My current goal is to write something 30 minutes a day. Lately, I’ve been making a list of topics I want to put down on “paper” and the list has gotten rather long. But this morning I’ve got plumbers in my basement making an ungodly sound. And I have a 9-year-old home with a cold, sitting across the room looking at my high school yearbooks (something that would make anyone just a tad nervous) so the mental space I’m able to give to this exercise is somewhat limited for this Monday morning. So it is the trivial (or is it) that comes to mind most as I sit here—the scenes from yesterday.
We had a genuinely restful Sabbath day. Let’s just say when we made our kids change out of pajamas to go for a family walk around 3 pm people cried and gnashed their teeth as though we were asking them to walk over hot coals. In the end, the hot coals might have been welcomed because it was quite cold (we are still very much Texans at heart) and very gross and gray. But singing the 12 Days of Christmas at the top of our lungs definitely helped warm us up and I would *like* to say everyone was in a good mood when we got home…. instead I won’t make up tales, but I will focus on the positive which is how my kids do enjoy spending time together 90 percent of the time and that is a joy to witness.

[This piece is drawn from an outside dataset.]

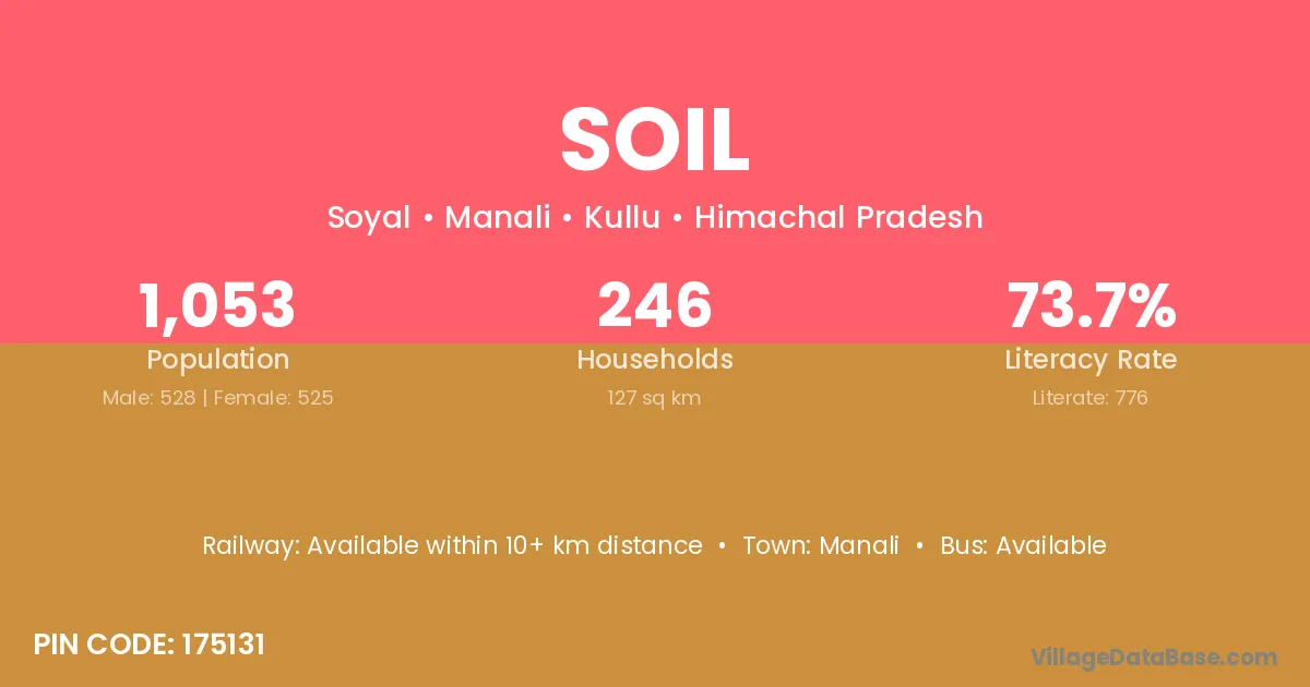 Manali is the nearest town to Soil village for major economic activities

I also must admit that even with delights like German Christmas Markets literally 5 minutes from your door, the “unique experience of living in Europe” is almost utterly lost on my kids right now. ALL they want to do is go to Texas to see family. It’s pretty much all they talk about and all they think about. But, I think the older I get I’ve learned it’s worth leaning into. After all, it is people that will matter in the end. It is the relationships my kids have with each other that will carry them through all these growing-up years. Our home, in all its messiness and imperfection, will be their safe space. Siblings, no matter how much they annoy you, will be satisfying in their predictability of character when everyone else in the world seems so utterly out of control. The thought of your Papa and Spicey’s house will be the salve at the end of a long season. And it will be the thought of cuddling with your Nana that will be the comfort when life feels heavy in the way that life does when hormones are hitting their hardest. It is the idea of endlessly playing with your cousins and having countless people to listen to you talk that helps in those moments of boredom that only a child can have.
It’s been cloudy and grey for 5 days straight. (I was just gifted a journal that has a little check-box at the top regarding the weather which is mildly helpful and depressing at the same time) and it is a reminder of the state of the world. The Sun is under all those clouds somewhere. But oh, how grey and cloudy it is. Such is this world my kids are in. How thankful I am they have a family where they may return and be loved and cuddled, little bits of light in all those clouds.